Activity:
Leaving out all pictures, reproduce the entries below exactly, from the first line through the line that contains "Our adult basic".

-- Opening Marker --

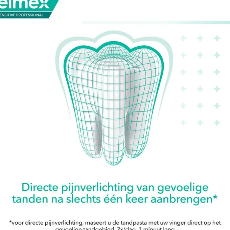 De elmex® Sensitive Professional tandpasta geeft directe* en langdurige pijnverlichting bij gevoelige tanden. Een exclusieve formule die is gebaseerd op de klinisch bewezen PRO-ARGIN® technologie die tandartsen hun patiënten adviseren om de pijn van gevoelige tanden te verzachten.
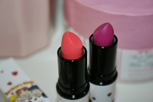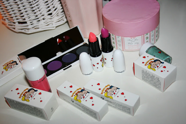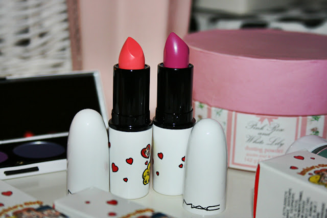 Najpierw szminki. Moim wymarzonym kolorek była szminka Betty Bright, to ta brzoskwiniowa. Jak tylko zobaczyłam ją w zapowiedziach kolekcji marzyłam, żeby ją mieć. Drugi kolor to odcień od Veroniki, Daddy's Little Girl. To taki piękny ocień fioletu. Szminki jak na MACa przystało są najlepsze! Nawilżanie i mocny kolor idą w parze. Do tego te piękne opakowania białe w serduszka z buziami bohaterek. Genialne!
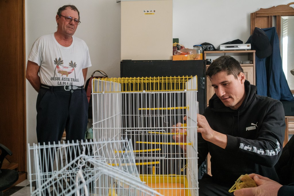 Marian a găsit azi-dimineață colivia în curte și a băgat papagalii înghețați în bucătărie, iar acum încearcă să-l convingă pe Marius că nu poate să-i lase afară, ca pe găini, mai ales că noaptea în Belgia sunt 4-5 grade Celsius. Participăm la transferul papagalilor în colivia mai mare, care se lasă cu ciupituri și pene colorate zburând prin living.
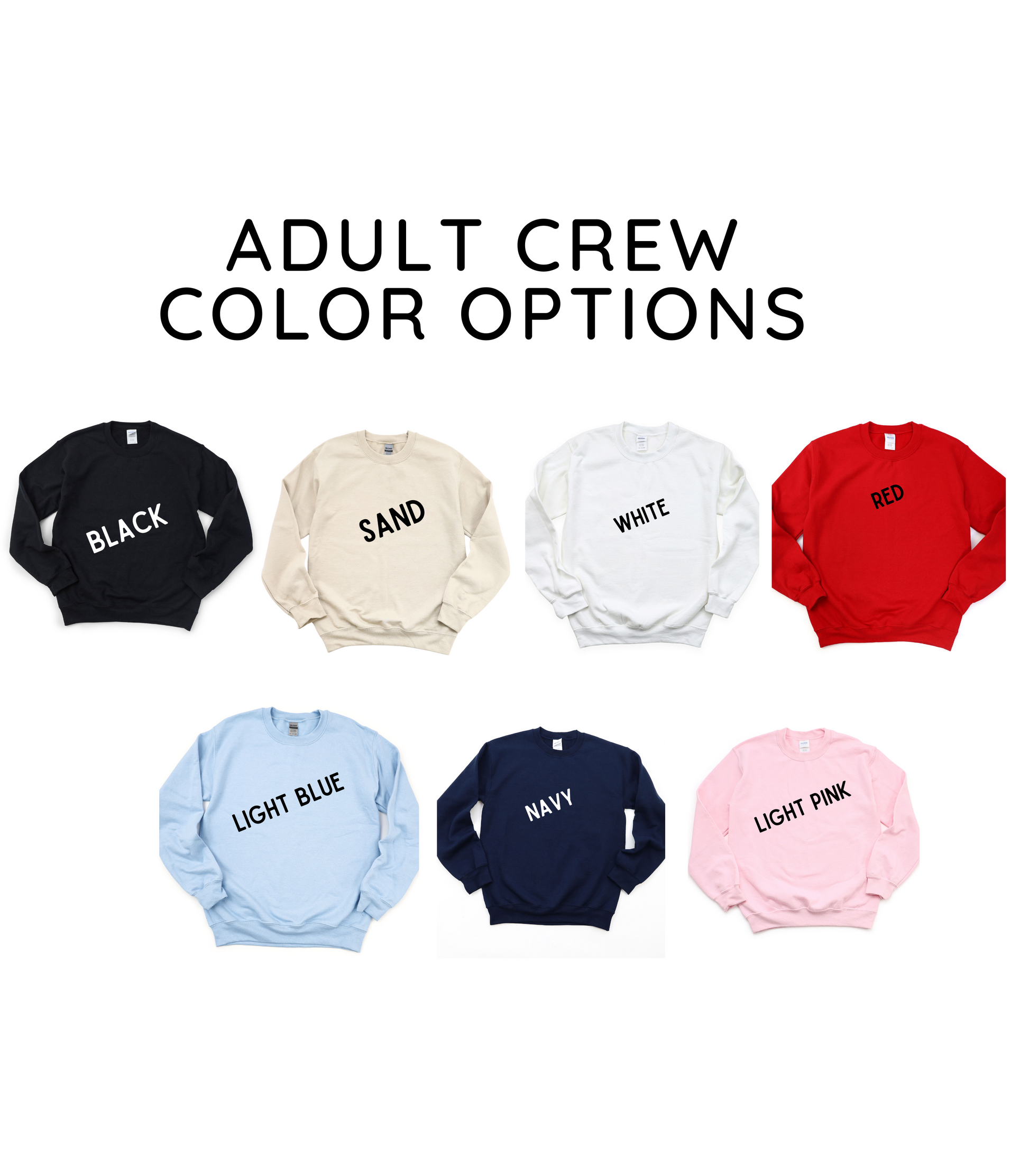 Our adult basic crews are regular unisex crew neck fleece sweatshirts. Both the crews and the hoodies will run slightly larger than normal women's sizes. We recommend ordering your normal size or size up for an oversized look!
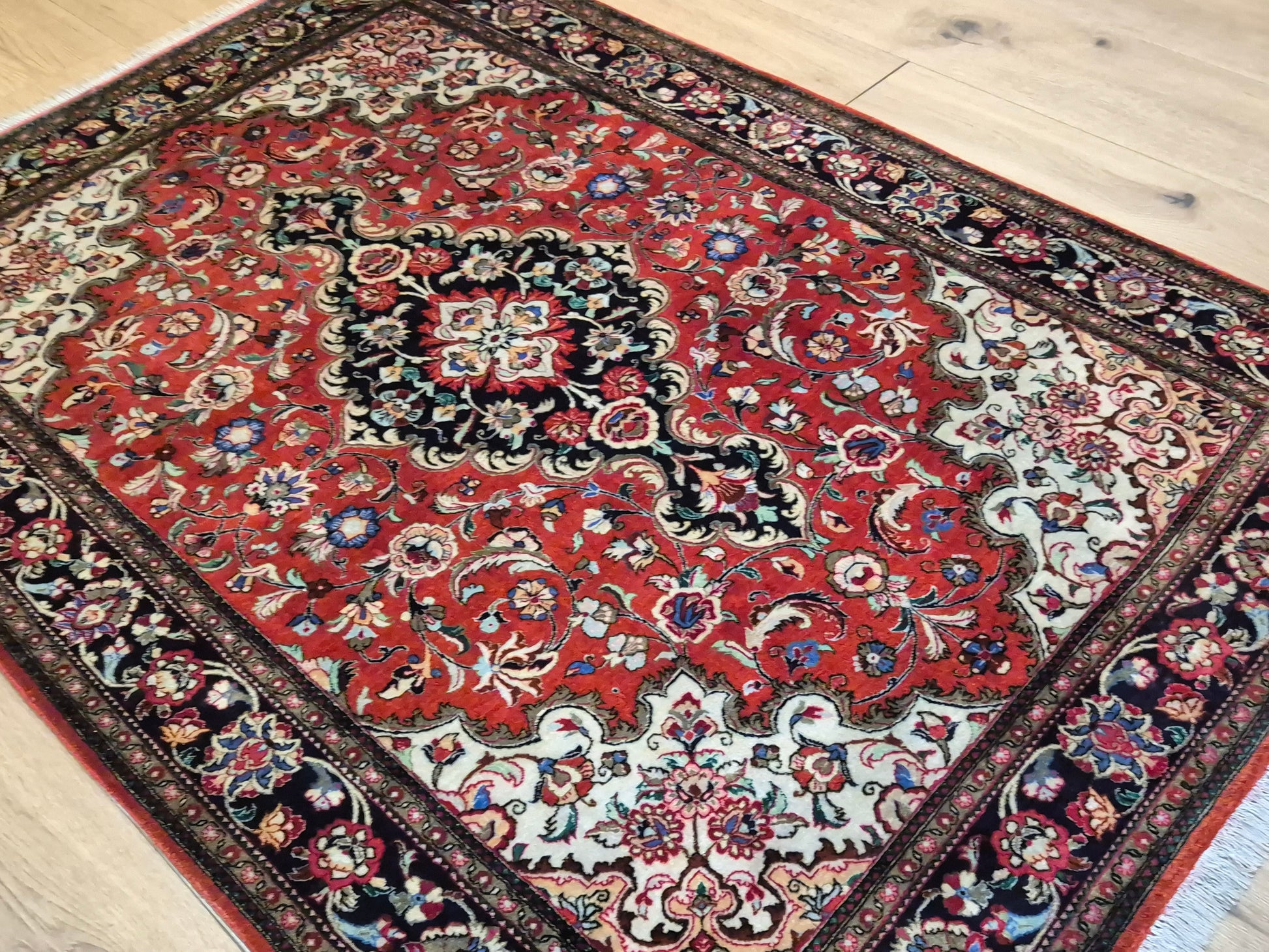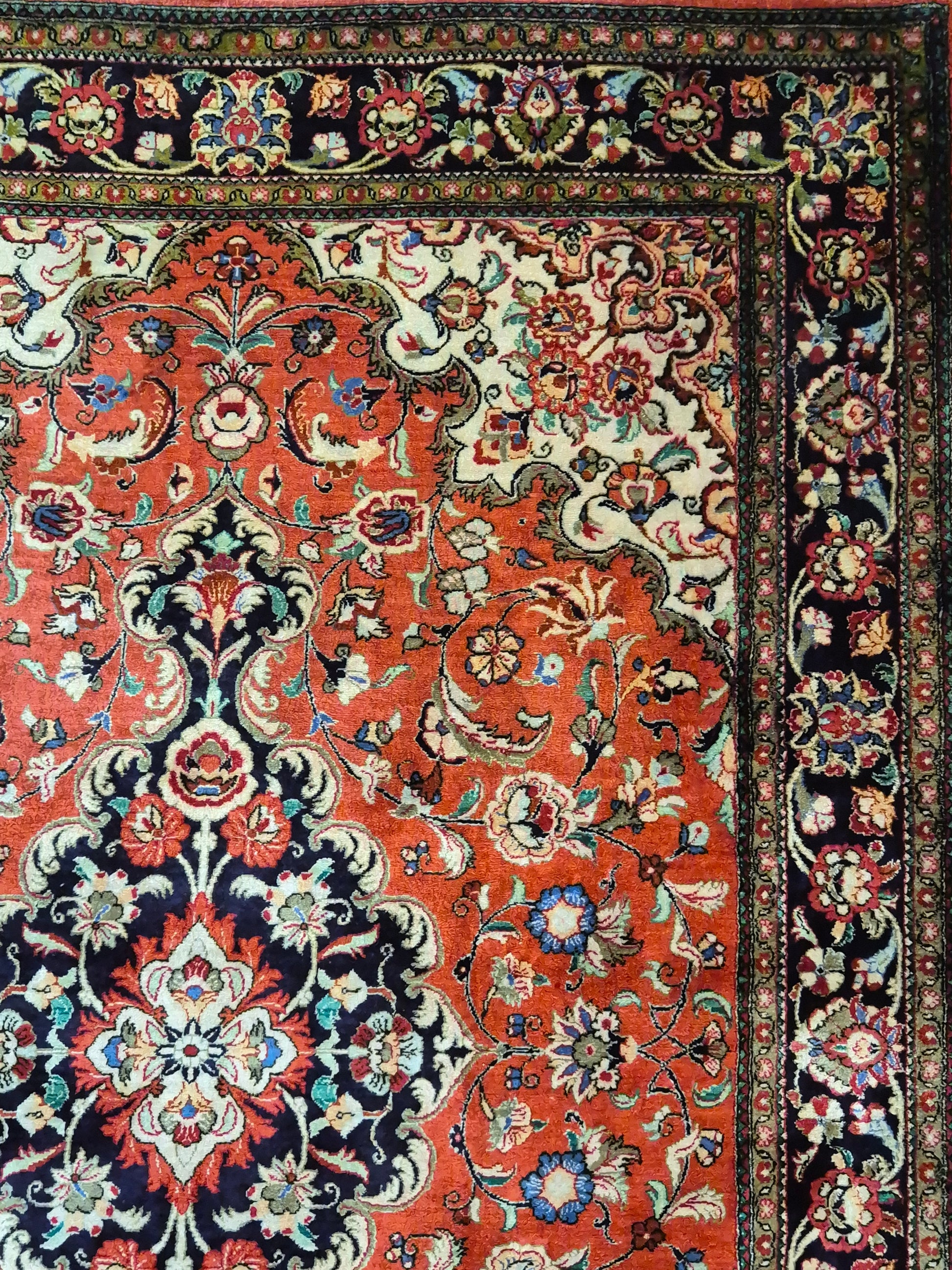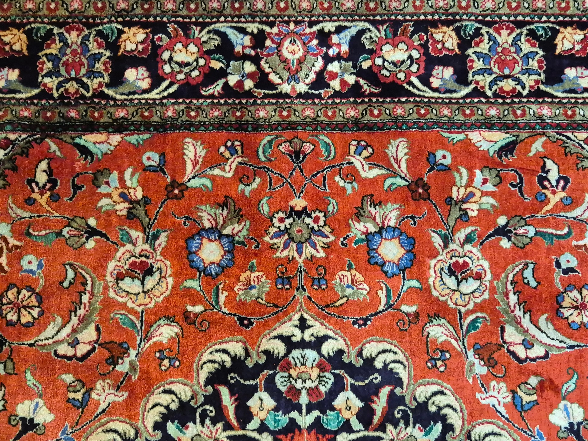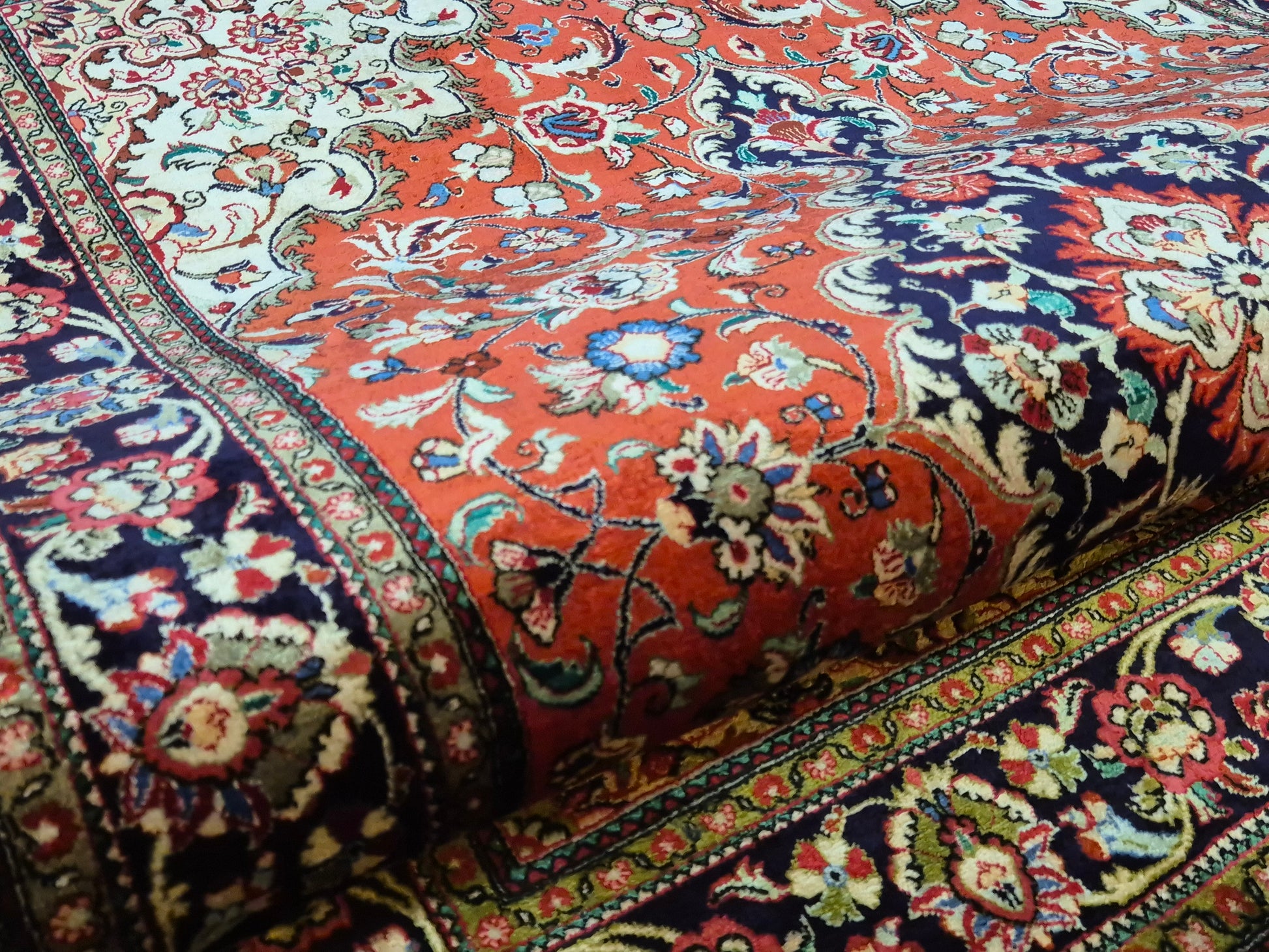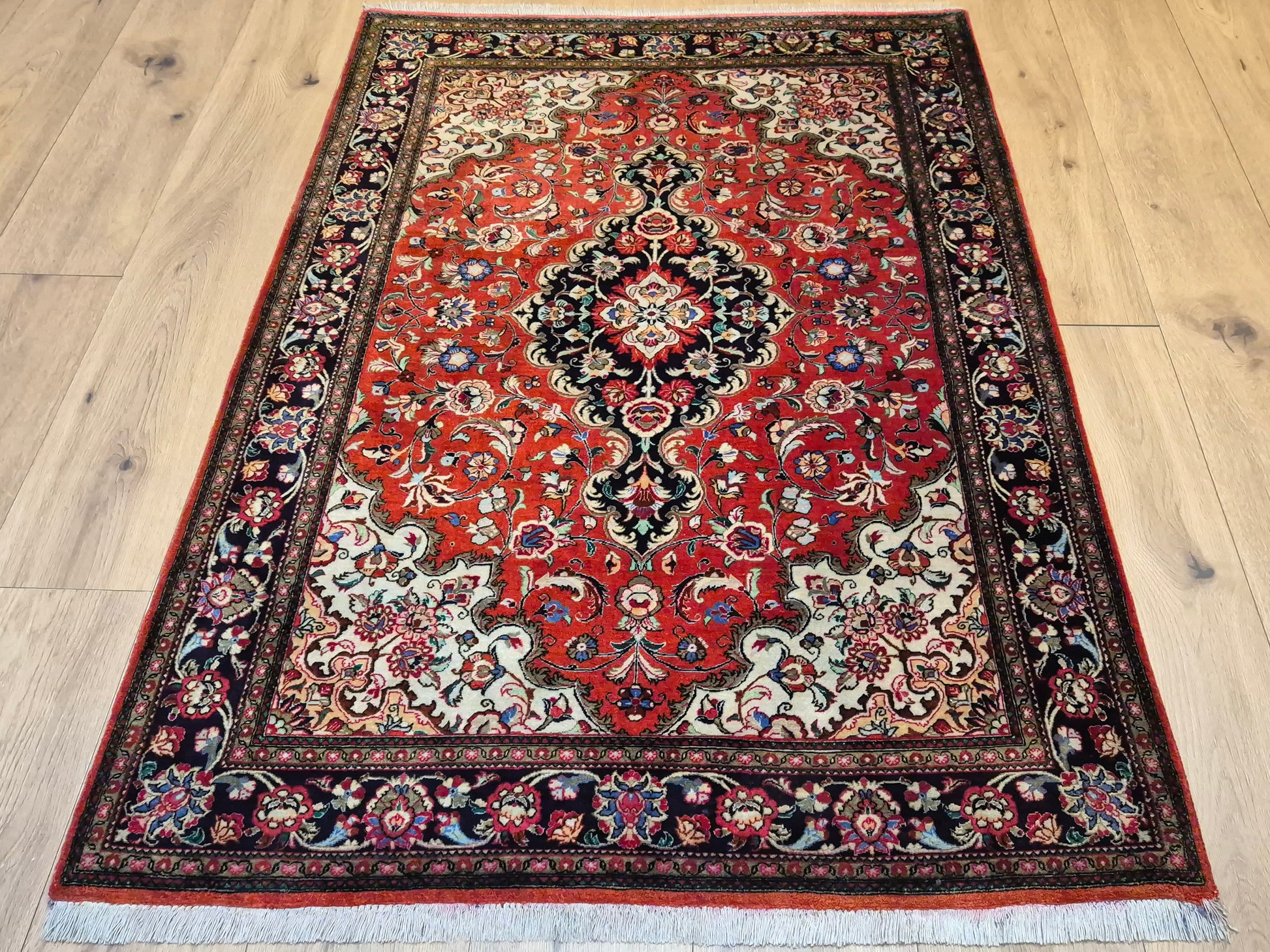 angeboten wird ein edler Ghom Teppich aus reiner Seide auf Seide, handgeknüpft in meisterhafter Ausführung. Das Teppichbild zeigt ein kunstvolles Medaillon im Zentrum, umgeben von einer harmonischen floralen Gestaltung auf leuchtendem Fond. Die filigranen Blütenranken, geschwungenen Arabesken und die kontrastreiche Bordüre unterstreichen die außergewöhnliche Feinheit dieses Stückes.

-- Closing Marker --

Reply to the exercise:
 De elmex® Sensitive Professional tandpasta geeft directe* en langdurige pijnverlichting bij gevoelige tanden. Een exclusieve formule die is gebaseerd op de klinisch bewezen PRO-ARGIN® technologie die tandartsen hun patiënten adviseren om de pijn van gevoelige tanden te verzachten.
 Najpierw szminki. Moim wymarzonym kolorek była szminka Betty Bright, to ta brzoskwiniowa. Jak tylko zobaczyłam ją w zapowiedziach kolekcji marzyłam, żeby ją mieć. Drugi kolor to odcień od Veroniki, Daddy's Little Girl. To taki piękny ocień fioletu. Szminki jak na MACa przystało są najlepsze! Nawilżanie i mocny kolor idą w parze. Do tego te piękne opakowania białe w serduszka z buziami bohaterek. Genialne!
 Marian a găsit azi-dimineață colivia în curte și a băgat papagalii înghețați în bucătărie, iar acum încearcă să-l convingă pe Marius că nu poate să-i lase afară, ca pe găini, mai ales că noaptea în Belgia sunt 4-5 grade Celsius. Participăm la transferul papagalilor în colivia mai mare, care se lasă cu ciupituri și pene colorate zburând prin living.
 Our adult basic crews are regular unisex crew neck fleece sweatshirts. Both the crews and the hoodies will run slightly larger than normal women's sizes. We recommend ordering your normal size or size up for an oversized look!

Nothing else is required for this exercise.